The barrel exports pattern is described in Basarat’s book (TypeScript Deep Dive), and looks like this:
/// index.ts
export * from "./a";
export * from "./b";
// [···]
export * from "./z";
It’s pretty common, most people use it, and I don’t blame them: it’s very useful. It saves us from having to remember too many import paths, and from having to explicitly export every symbol from our submodules inside the package.
So… yes, I admit it, the title of this article was pure clickbait. I don’t think this pattern is always harmful, only sometimes. When and why, then?
It’s almost always about coupling
Side effects at module load time
Although not likely to happen (because most of us have learned the hard way that it’s a bad idea to perform side effects at module load time), that’s the simplest problematic case we can explain.
When we “need” to perform some side effects at load time (whatever the reason: singletons, resource initialisation, monkey patching…) in one of the submodules that is star-exported on our “barrel”, we’ll be unable to avoid them when importing anything that is completely unrelated from that same barrel.
As an example, if we just wanted to import a utility function, we might be triggering some resource initialization that had no relation to that task (affecting performance for no good reason), or performing unintentional monkey patching, leading to potential hard-to-debug problems.
/// lib/index.ts
export * from "./a";
export * from "./b";
export * from "./c";
/// lib/a.ts
export const greet = (name = "stranger") => console.log(`Hello ${name}!`);
console.log("Loading module a"); // Side effect
/// lib/b.ts
export const square = (x: number) => x * x;
console.log("Loading module b"); // Side effect
/// lib/c.ts
export const cube = (x: number) => x * x * x;
console.log("Loading module c"); // Side effect
/// main.ts
import { greet } from "./lib";
greet("World");
/// main.js's output:
// --------------------------------------------------------------------
// Loading module a
// Loading module b // <- We didn't want this
// Loading module c // <- We didn't want this
// Hello World!
”Type effects” at type checking time
You might be thinking that the previous case is not that problematic, because no side effects are performed in most code you see every day (consider yourself lucky!), but that’s not where the story ends.
First of all, I’m probably going to abuse the term “type effect” on the following lines (I suspect this term already has some different meaning attached, but given that I don’t have a better word, I’ll stick to it for now), I ask for your forgiveness in advance… and if you know of a better way to describe it, please feel free to reach out to me and tell me!
While most of the time types have to be explicitly imported in order to have any effect at typechecking time, some interesting cases don’t work like that, module augmentation and ambient modules (both rely on the same construct “declare module”):
declare module "some_external_module" {
// typing stuff in here
}
What this does is to overwrite or augment the types exposed by the pointed module, and can be used (for example) when relying on autogenerated code.
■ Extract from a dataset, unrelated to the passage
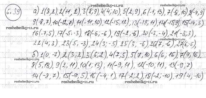 Готовая домашняя работа с ответами по Алгебре за 7 класс Мордкович, Александрова, Мишустина, Тульчинская Задачник Базовый уровень Часть 2 Мнемозина 2013 ФГОС - § 6. Координатная плоскость 39
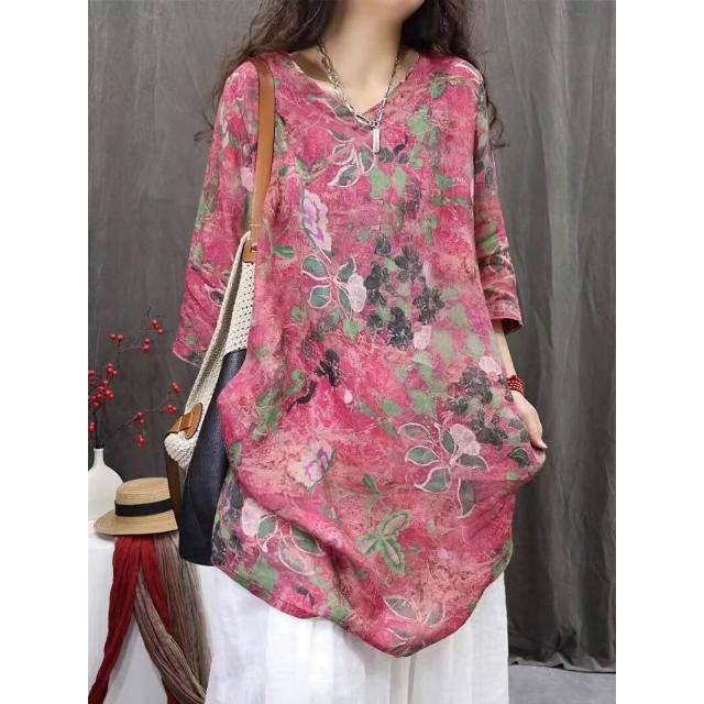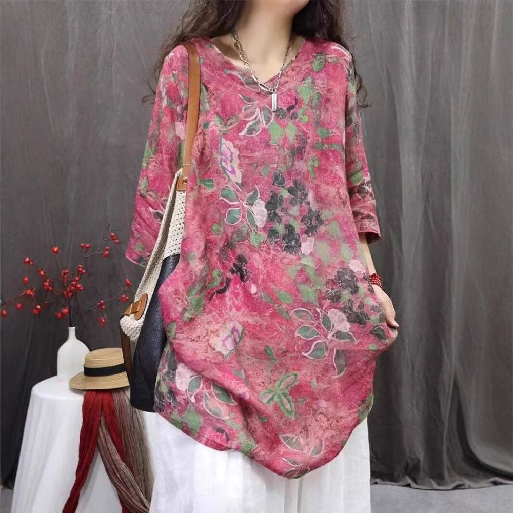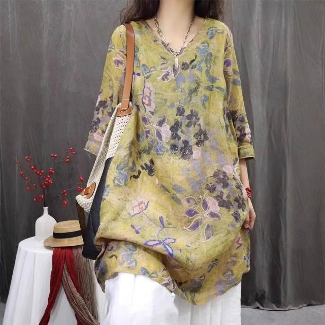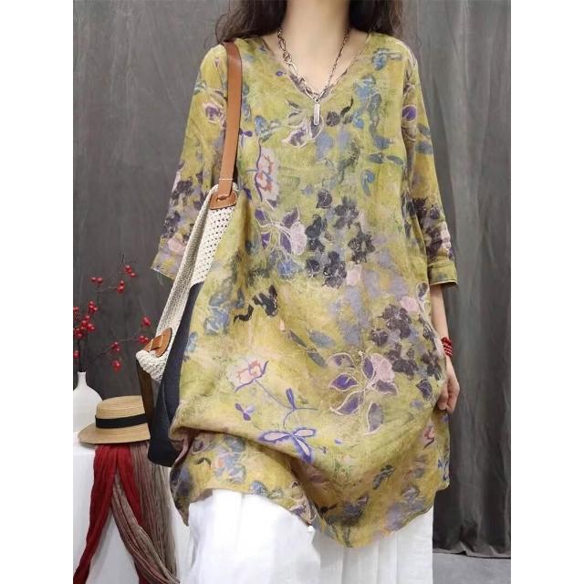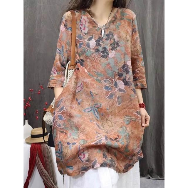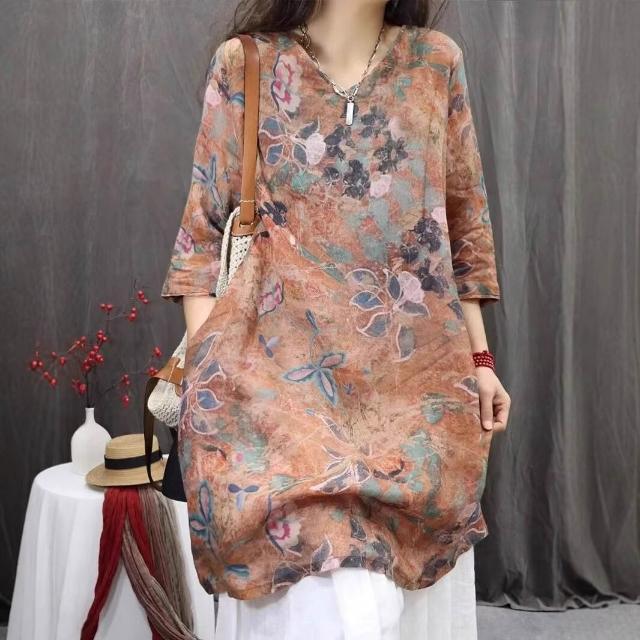 棉麻印花女2026春夏秋新款中國風復古中袖上衣長T連衣裙 15b

One interesting case of this is GraphQL to TypeScript code generation, and how this is integrated with the Mercurius library.
It’s not a coincidence that I mention autogenerated code and Mercurius: I found myself having to deal with a barrel that was exporting one of these autogenerated files. That barrel was inside a supposedly generic types library (in the context of a monorepo)… and because of it, it was “leaking” types from one federated “gateway” into another one that was supposed to expose a completely unrelated object graph. Untangling that wasn’t fun.
Generated code can also suffer
When some of our modules only contain types (but no runtime symbols), we probably want that the generated code doesn’t perform a runtime import because it’s unnecessary.
If we use import type
instead of just import
, or our import statement is
explicitly importing something that it’s just a type without a runtime
counterpart (basically, not enum
nor class
), then we can expect tsc
to
optimize away that import from the generated JS code.
Sadly, tsc
is not that smart when it comes to “start-exports”, and we won’t be
able to optimize it away. The compiler can indeed improve in the future, but I
wouldn’t hold my breath for now.
Indirect problems
Circular references
The barrel pattern makes it easier to introduce accidental circular references. It is true that the fault, in this case, doesn’t really fall on the pattern, but I prefer to not have footguns at my disposal.
I’ve seen too many times how some people decide to import “symbols” from
“sibling” modules through the index.ts
file instead of directly addressing the
source modules; the error here is not the barrel itself (because it’s thought to
be consumed from “outside”), but consuming “internal” code as if it was an
external library.
Some dev tools become slower
When we use barrel exports in our code, static analysis becomes more complex. Some tools have explicit support for them, but others strugle to provide good results or to give them in an acceptable amount of time.
It’s worth noticing that not only static analysis tools can perform worse when in presence of barrel exports, test runners such as Jest can also see their performance badly hurt, affecting our productivity, and the associated costs of our CI pipelines.
Conclusion
Barrel exports are a great tool if used correctly, but there’s great risk of abusing them. As with any other technique, we should be aware of its associated trade-offs and under which circumstances they can become problematic, so we can consider these factors when deciding whether to use them or not.